Work to complete: Every line below should be copied exactly; drop the pictures.
Segment Start: Records supplied
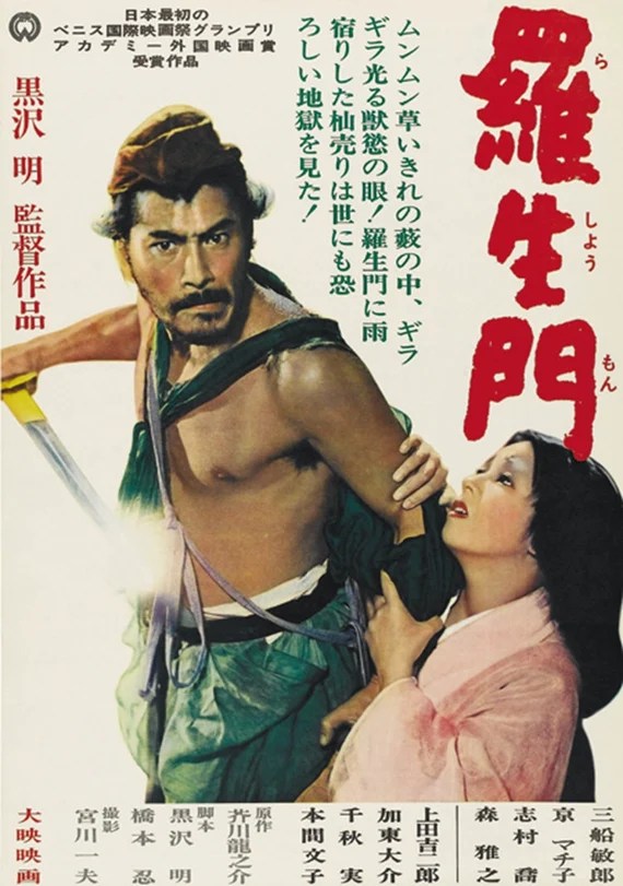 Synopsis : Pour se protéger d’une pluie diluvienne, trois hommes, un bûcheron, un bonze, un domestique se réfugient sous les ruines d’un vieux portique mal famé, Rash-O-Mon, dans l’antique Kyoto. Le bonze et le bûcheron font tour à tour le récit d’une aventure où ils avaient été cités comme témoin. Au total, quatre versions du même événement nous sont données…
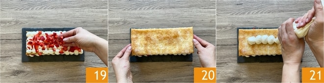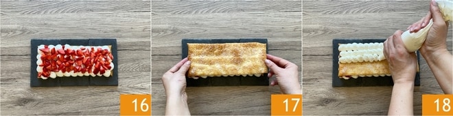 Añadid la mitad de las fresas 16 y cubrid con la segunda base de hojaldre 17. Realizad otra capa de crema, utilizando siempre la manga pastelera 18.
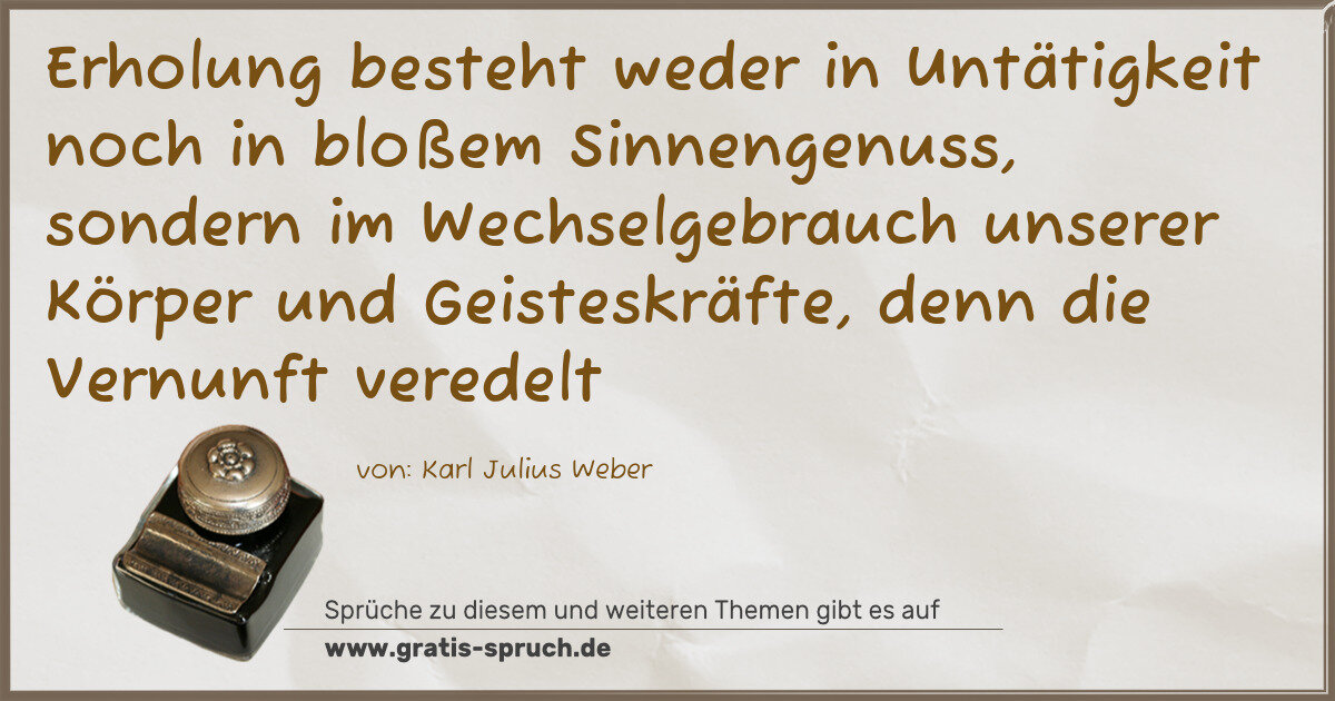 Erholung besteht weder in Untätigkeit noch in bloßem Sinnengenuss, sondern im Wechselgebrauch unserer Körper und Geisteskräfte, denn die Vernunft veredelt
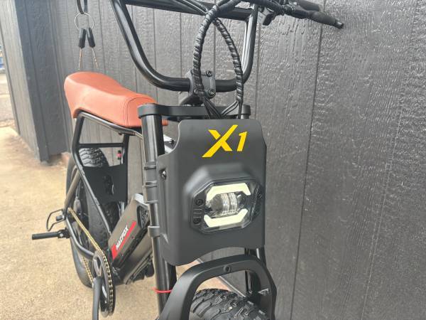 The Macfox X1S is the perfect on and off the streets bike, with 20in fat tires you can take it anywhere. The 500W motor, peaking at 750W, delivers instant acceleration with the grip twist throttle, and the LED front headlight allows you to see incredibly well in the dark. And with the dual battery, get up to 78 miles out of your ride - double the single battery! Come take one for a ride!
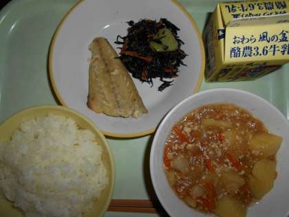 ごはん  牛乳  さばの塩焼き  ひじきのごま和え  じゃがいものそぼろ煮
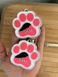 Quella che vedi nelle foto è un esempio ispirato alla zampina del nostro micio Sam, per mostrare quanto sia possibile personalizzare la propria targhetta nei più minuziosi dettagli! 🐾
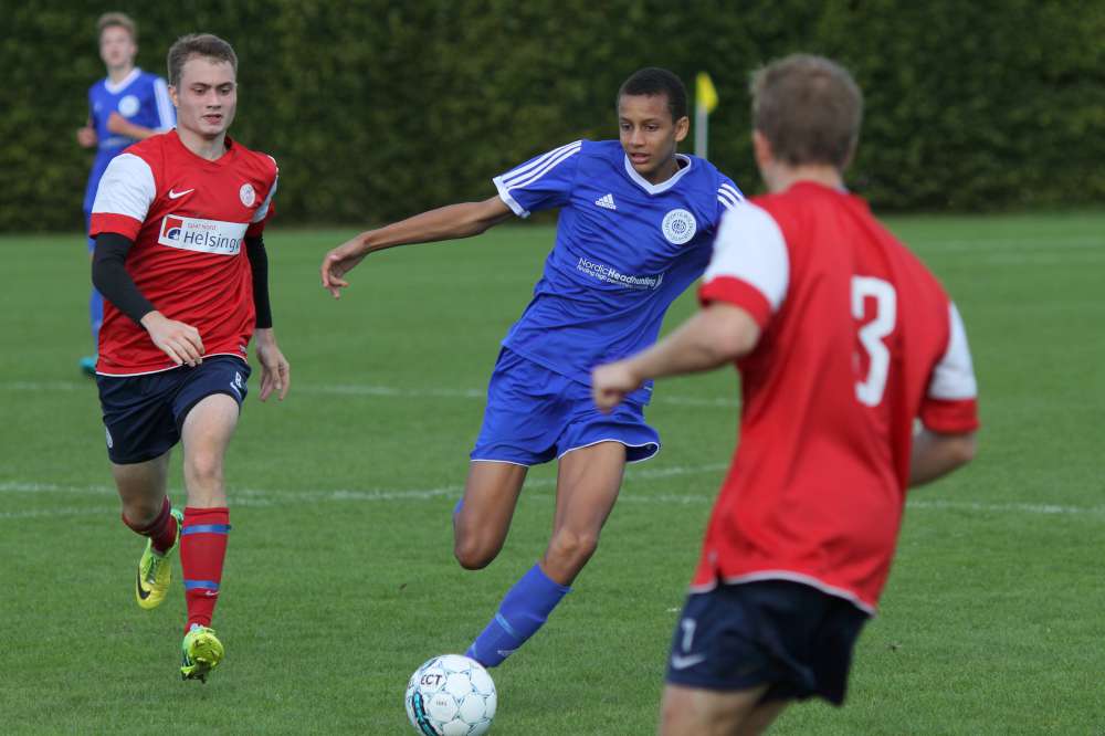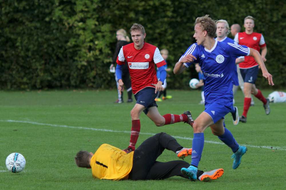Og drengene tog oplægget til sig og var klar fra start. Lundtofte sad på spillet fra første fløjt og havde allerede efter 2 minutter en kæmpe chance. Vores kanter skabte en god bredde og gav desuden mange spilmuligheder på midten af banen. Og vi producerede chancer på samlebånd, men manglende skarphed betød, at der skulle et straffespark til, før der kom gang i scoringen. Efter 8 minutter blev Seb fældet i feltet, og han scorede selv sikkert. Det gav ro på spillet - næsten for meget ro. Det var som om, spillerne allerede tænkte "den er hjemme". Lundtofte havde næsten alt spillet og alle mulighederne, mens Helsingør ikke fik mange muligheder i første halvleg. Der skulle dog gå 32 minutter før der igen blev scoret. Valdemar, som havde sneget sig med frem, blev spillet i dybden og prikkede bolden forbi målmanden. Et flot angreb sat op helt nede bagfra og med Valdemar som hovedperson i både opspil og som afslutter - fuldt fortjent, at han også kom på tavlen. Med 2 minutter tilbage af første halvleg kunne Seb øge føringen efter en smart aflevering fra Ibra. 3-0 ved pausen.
Segment End: Records supplied
Task result:
 Synopsis : Pour se protéger d’une pluie diluvienne, trois hommes, un bûcheron, un bonze, un domestique se réfugient sous les ruines d’un vieux portique mal famé, Rash-O-Mon, dans l’antique Kyoto. Le bonze et le bûcheron font tour à tour le récit d’une aventure où ils avaient été cités comme témoin. Au total, quatre versions du même événement nous sont données…
 Añadid la mitad de las fresas 16 y cubrid con la segunda base de hojaldre 17. Realizad otra capa de crema, utilizando siempre la manga pastelera 18.
 Erholung besteht weder in Untätigkeit noch in bloßem Sinnengenuss, sondern im Wechselgebrauch unserer Körper und Geisteskräfte, denn die Vernunft veredelt
 The Macfox X1S is the perfect on and off the streets bike, with 20in fat tires you can take it anywhere. The 500W motor, peaking at 750W, delivers instant acceleration with the grip twist throttle, and the LED front headlight allows you to see incredibly well in the dark. And with the dual battery, get up to 78 miles out of your ride - double the single battery! Come take one for a ride!
 ごはん  牛乳  さばの塩焼き  ひじきのごま和え  じゃがいものそぼろ煮
 Quella che vedi nelle foto è un esempio ispirato alla zampina del nostro micio Sam, per mostrare quanto sia possibile personalizzare la propria targhetta nei più minuziosi dettagli! 🐾
Og drengene tog oplægget til sig og var klar fra start. Lundtofte sad på spillet fra første fløjt og havde allerede efter 2 minutter en kæmpe chance. Vores kanter skabte en god bredde og gav desuden mange spilmuligheder på midten af banen. Og vi producerede chancer på samlebånd, men manglende skarphed betød, at der skulle et straffespark til, før der kom gang i scoringen. Efter 8 minutter blev Seb fældet i feltet, og han scorede selv sikkert. Det gav ro på spillet - næsten for meget ro. Det var som om, spillerne allerede tænkte "den er hjemme". Lundtofte havde næsten alt spillet og alle mulighederne, mens Helsingør ikke fik mange muligheder i første halvleg. Der skulle dog gå 32 minutter før der igen blev scoret. Valdemar, som havde sneget sig med frem, blev spillet i dybden og prikkede bolden forbi målmanden. Et flot angreb sat op helt nede bagfra og med Valdemar som hovedperson i både opspil og som afslutter - fuldt fortjent, at han også kom på tavlen. Med 2 minutter tilbage af første halvleg kunne Seb øge føringen efter en smart aflevering fra Ibra. 3-0 ved pausen.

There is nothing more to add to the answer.